Nessa linha, a Controladoria Geral da União firmou entendimento no sentido de que, para que se configure a infração do art. 117, inc. X, da Lei nº 8.112/90 é necessária a atuação fática e reiterada do servidor do servidor nas condições vedadas pelo precitado dispositivo, tal como consolidado pelo Enunciado nº 9, de 30 de outubro de 2015:

“ILÍCITO SÓCIO-GERÊNCIA – ATUAÇÃO FÁTICA E REITERADA. “Para restar configurada a infração disciplinar capitulada no inciso X do art. 117 da Lei nº 8.112/90, é preciso que o servidor, necessariamente, tenha atuado de fato e de forma reiterada como gerente ou administrador de sociedade privada“. (Grifamos.) (DOU de 16.11.2015, Seção I, página 42.)

Postas estas condições, questiona-se se a vedação do art. 117, X impediria também o servidor de atuar como empresário individual.

Considerando os objetivos da norma, acima citados, especialmente o de preservar o compromisso do servidor com o serviço público, considera-se razoável que a vedação também se estenda a situação de empresário individual ainda que tal condição não configure uma sociedade privada conforme previsto pelo dispositivo.

Demais disso, observa-se que a norma em comento também veda o exercício de comércio, situação em que pode ser inserida a atuação como empresário individual. Nesse sentido, o Manual de Processo Administrativo da CGU, versão 2017, p. 224 já esclarecia que:

“empresário é todo aquele que “exerce profissionalmente atividade econômica organizada para a produção ou a circulação de bens ou de serviços” (art. 966 do Código Civil). Assim, a Lei nº 8.112/90, através do art. 117, inciso X, ao proibir que o agente público exerça atos de comércio, está vedando que todo servidor exerça atividade empresarial, ainda que de forma individual.” (p. 224)

E, mais recentemente, a CGU consolidou tal posicionamento por meio do Enunciado CRG/CGU, nº 8, de 30 de janeiro de 2019, assim redigido:

“VEDAÇÃO DE EXERCÍCIO DO COMÉRCIO. ENUNCIADO CRG/CGU Nº 8, DE 30 DE JANEIRO DE 2019.

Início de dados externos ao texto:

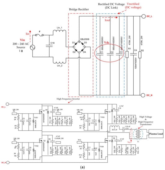 Figure 3 shows the schematic diagram of 4T analog MOS control plasma switching power supply. The single phase AC voltage was applied to the circuit. The GBJ2506 bridge rectifier was used along with the DC link capacitors. The designed rectifier full bridge consisted of four diodes that were arranged as shown in Figure 3.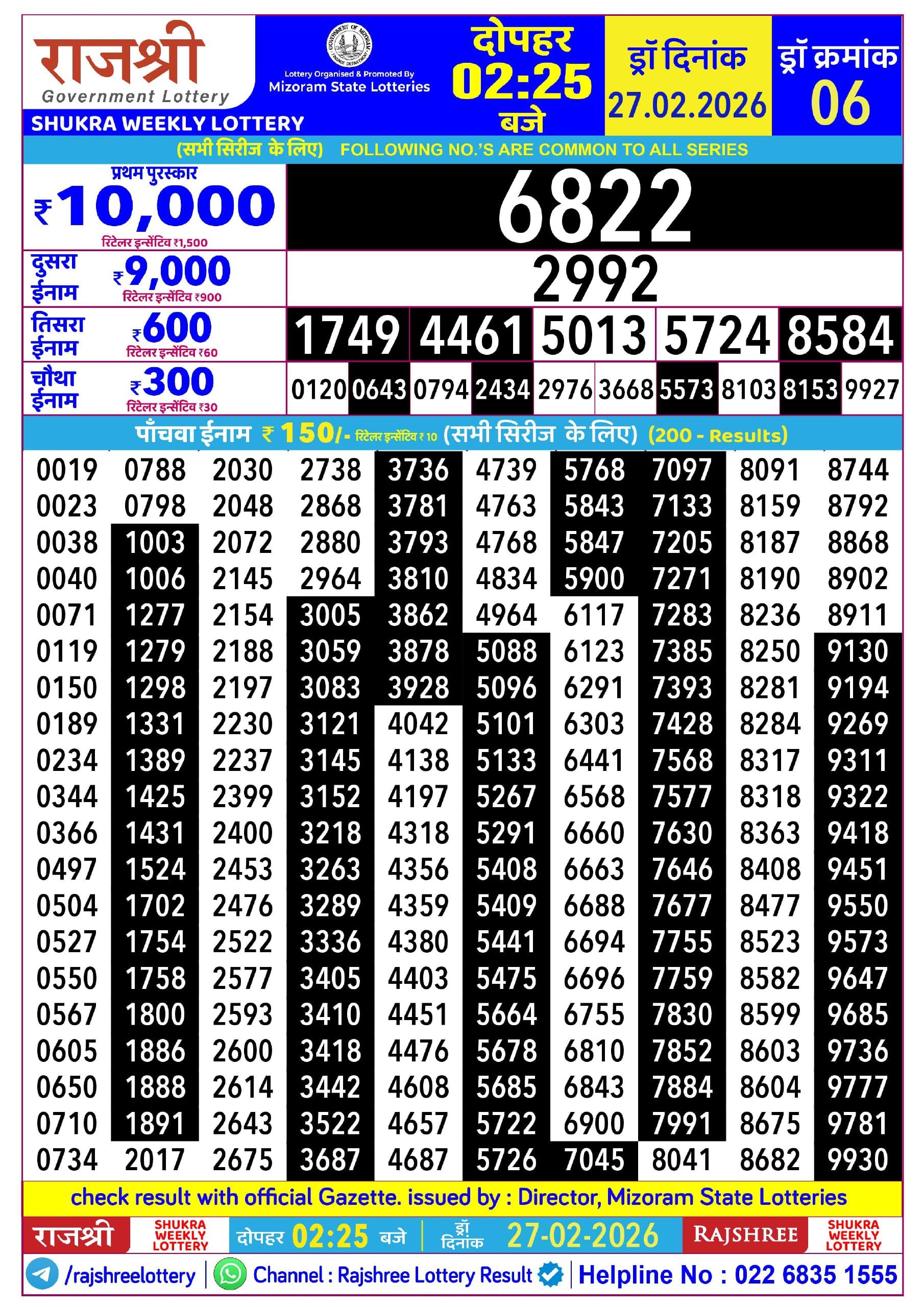 Rajshree Monday Weekly Lottery 02.03.2026 Result 8 PM 0 Likes 56 Views Related Articles 0 21Rajshree Night Ravi Weekly Lottery 29.03.2026 Result 9 PM 0 105Maybe Ganeshlaxmi Vaibhav Weekly Draw 16.11.2025 Result 5pm 0 48Rajshree Shukra Weekly Lottery 27.2.2026 Result 2.25 PM 0 121Maharashtra Sahyadri Dhanlaxmi Weekly Draw 05.01.2026 Result 4.30 PM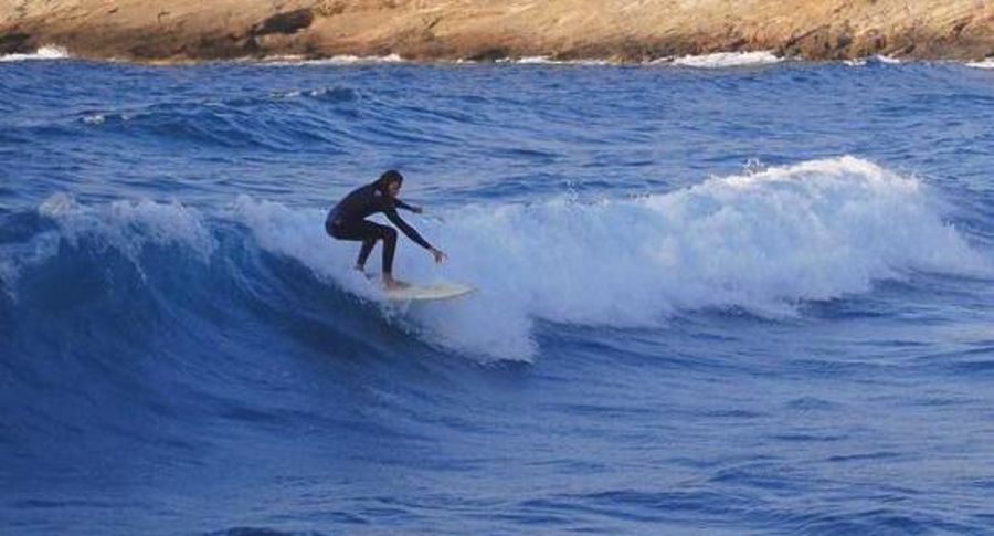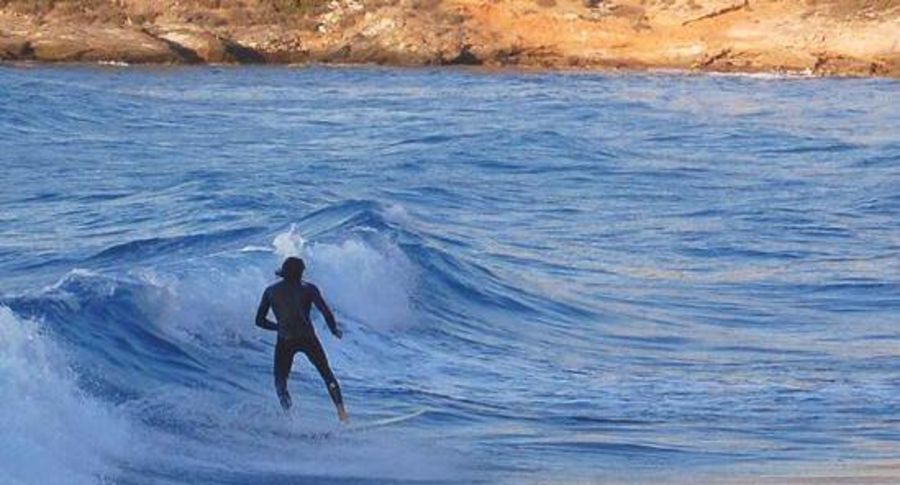 Park your car almost on the beach. You will see the waves breaking mainly on the left side (when you look towards the sea) and some in the middle of the bay when the "swell"is a bit bigger.. You won't have to paddle much, it's a small spot..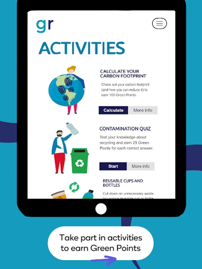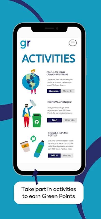 You can make submissions, opt into activities, and earn Green Points as well as view leader boards and enter your weekly achievements.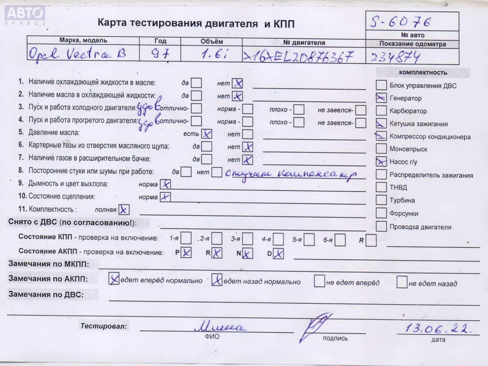 | Марка / Модель / Год: | Opel Vectra B (1995-2002) 1997 |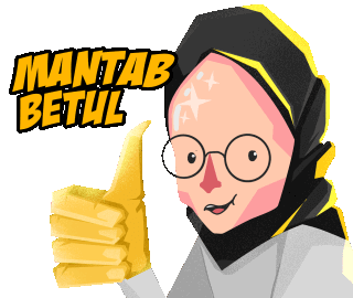 Aisya, a hijab-wearing girl with glasses, gives a cheerful thumbs-up, exclaiming 'Mantab Betul!' (Really great).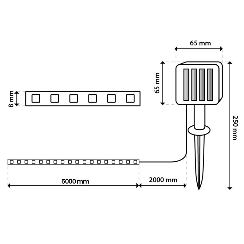 Taśmę można montować natynkowo lub wbijać w podłoże, a dzięki elastycznej konstrukcji łatwo dopasować ją do balustrad, pergoli, krawędzi tarasu czy elementów ogrodowej architektury. Taśma może być przycinana, a fragment podłączony do panelu nadal świeci, zachowując funkcjonalność.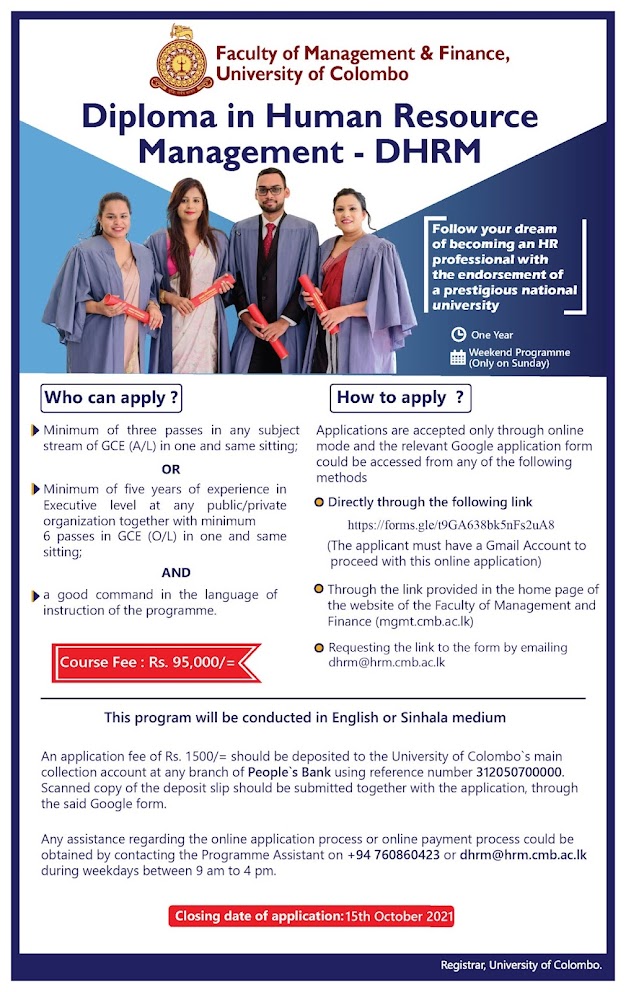 Diploma in Human Resource Management – 2021/2022 University of Colombo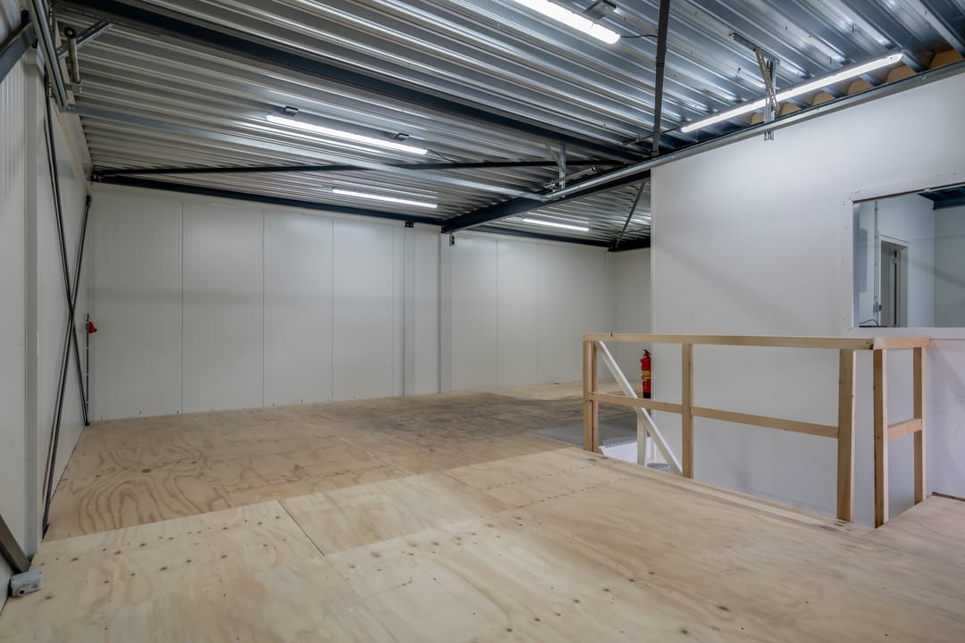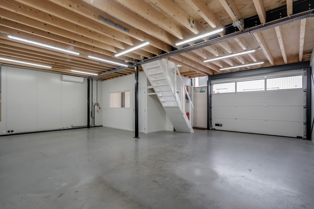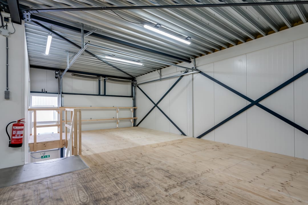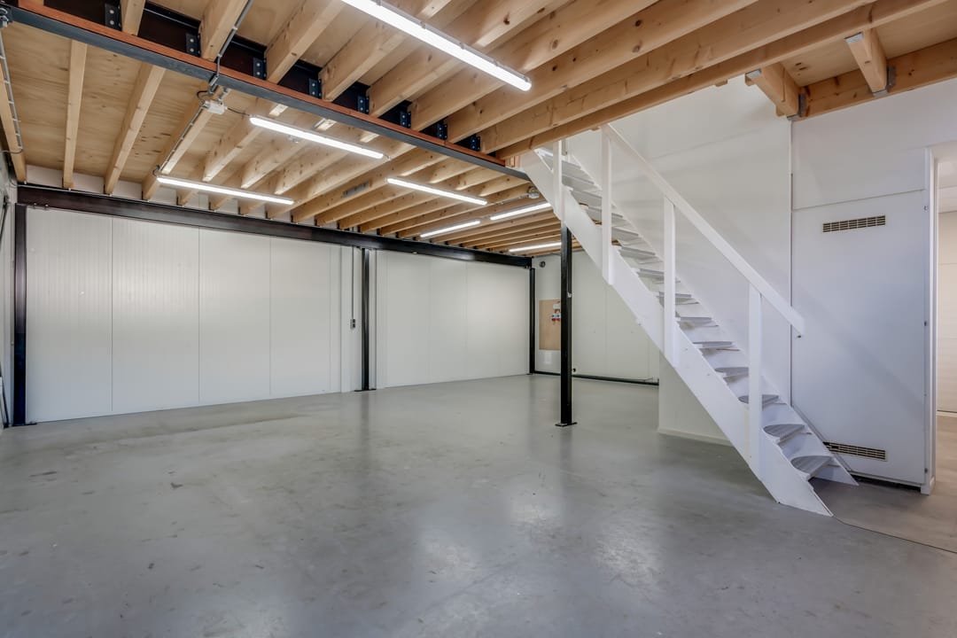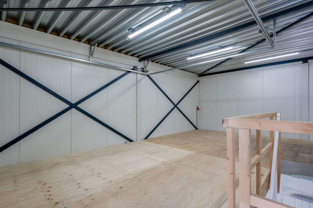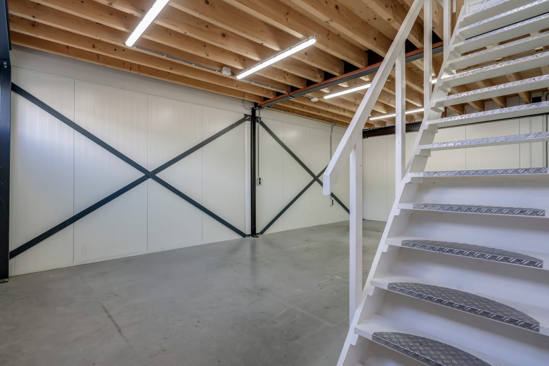 De aanwezige verdiepingsvloer zorgt voor extra ruimte, bijvoorbeeld voor opslag of aanvullende werkplekken.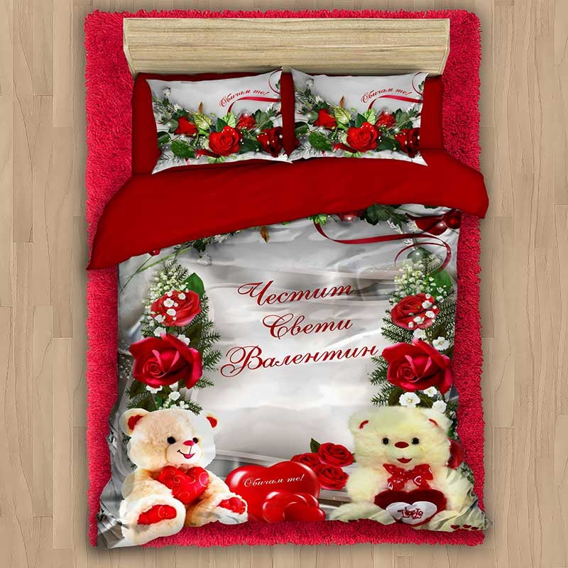 Материята, използвана за този мек и уютен спален комплект, е висок клас Поликотън. Поради своята устойчивост, материята запазва наситеността на цветовете и не губи формата си дори при многократни изпирания. Плътната и нежна нишка съдържа 80% памук и 20% полиестер. Плътността на плата позволява използването му както в зимния сезон, така и през летните горещини.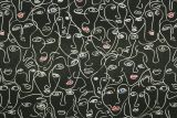 Picasso is a 100% cotton fabric with a artistic print of faces against a black background. Great for face masks!

“A proibição ao exercício do comércio prevista no art. 117, X, da Lei nº 8.112, de 11 de dezembro de 1990, veda a atuação do servidor público federal como empresário individual ou como administrador de Eireli Empresária”.​

Dentro desse contexto, tem-se que ao servidor público federal é também vedado ser empresário individual, em decorrência do art. 117, X da Lei nº 8.112/90.